### Source data
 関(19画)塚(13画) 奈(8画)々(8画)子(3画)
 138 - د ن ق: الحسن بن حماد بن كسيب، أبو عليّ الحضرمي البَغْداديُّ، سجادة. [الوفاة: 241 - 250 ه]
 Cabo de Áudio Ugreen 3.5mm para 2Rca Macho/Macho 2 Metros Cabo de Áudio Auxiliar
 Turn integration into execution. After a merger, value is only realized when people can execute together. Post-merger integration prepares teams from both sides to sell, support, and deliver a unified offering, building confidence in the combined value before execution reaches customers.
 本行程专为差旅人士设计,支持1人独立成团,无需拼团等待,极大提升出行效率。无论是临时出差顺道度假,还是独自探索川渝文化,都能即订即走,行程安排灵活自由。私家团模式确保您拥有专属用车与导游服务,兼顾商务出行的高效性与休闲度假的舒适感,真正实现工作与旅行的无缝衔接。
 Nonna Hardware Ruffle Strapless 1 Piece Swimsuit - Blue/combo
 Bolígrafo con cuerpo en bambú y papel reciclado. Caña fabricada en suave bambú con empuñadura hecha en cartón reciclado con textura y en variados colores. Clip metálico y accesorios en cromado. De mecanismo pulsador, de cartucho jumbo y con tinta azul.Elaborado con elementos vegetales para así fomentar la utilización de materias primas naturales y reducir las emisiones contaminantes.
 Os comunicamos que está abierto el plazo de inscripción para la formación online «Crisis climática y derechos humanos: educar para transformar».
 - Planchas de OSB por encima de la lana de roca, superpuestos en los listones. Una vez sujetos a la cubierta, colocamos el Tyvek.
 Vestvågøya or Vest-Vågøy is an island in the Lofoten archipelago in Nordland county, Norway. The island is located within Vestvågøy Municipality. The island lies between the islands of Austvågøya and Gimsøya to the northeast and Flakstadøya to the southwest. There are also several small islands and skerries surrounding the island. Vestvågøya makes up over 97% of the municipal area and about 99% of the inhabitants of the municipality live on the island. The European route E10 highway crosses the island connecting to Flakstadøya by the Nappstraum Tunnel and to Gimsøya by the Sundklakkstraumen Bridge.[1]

### What you are asked to do
Every record above is to be transcribed exactly.

### Solution
 関(19画)塚(13画) 奈(8画)々(8画)子(3画)
 138 - د ن ق: الحسن بن حماد بن كسيب، أبو عليّ الحضرمي البَغْداديُّ، سجادة. [الوفاة: 241 - 250 ه]
 Cabo de Áudio Ugreen 3.5mm para 2Rca Macho/Macho 2 Metros Cabo de Áudio Auxiliar
 Turn integration into execution. After a merger, value is only realized when people can execute together. Post-merger integration prepares teams from both sides to sell, support, and deliver a unified offering, building confidence in the combined value before execution reaches customers.
 本行程专为差旅人士设计,支持1人独立成团,无需拼团等待,极大提升出行效率。无论是临时出差顺道度假,还是独自探索川渝文化,都能即订即走,行程安排灵活自由。私家团模式确保您拥有专属用车与导游服务,兼顾商务出行的高效性与休闲度假的舒适感,真正实现工作与旅行的无缝衔接。
 Nonna Hardware Ruffle Strapless 1 Piece Swimsuit - Blue/combo
 Bolígrafo con cuerpo en bambú y papel reciclado. Caña fabricada en suave bambú con empuñadura hecha en cartón reciclado con textura y en variados colores. Clip metálico y accesorios en cromado. De mecanismo pulsador, de cartucho jumbo y con tinta azul.Elaborado con elementos vegetales para así fomentar la utilización de materias primas naturales y reducir las emisiones contaminantes.
 Os comunicamos que está abierto el plazo de inscripción para la formación online «Crisis climática y derechos humanos: educar para transformar».
 - Planchas de OSB por encima de la lana de roca, superpuestos en los listones. Una vez sujetos a la cubierta, colocamos el Tyvek.
 Vestvågøya or Vest-Vågøy is an island in the Lofoten archipelago in Nordland county, Norway. The island is located within Vestvågøy Municipality. The island lies between the islands of Austvågøya and Gimsøya to the northeast and Flakstadøya to the southwest. There are also several small islands and skerries surrounding the island. Vestvågøya makes up over 97% of the municipal area and about 99% of the inhabitants of the municipality live on the island. The European route E10 highway crosses the island connecting to Flakstadøya by the Nappstraum Tunnel and to Gimsøya by the Sundklakkstraumen Bridge.[1]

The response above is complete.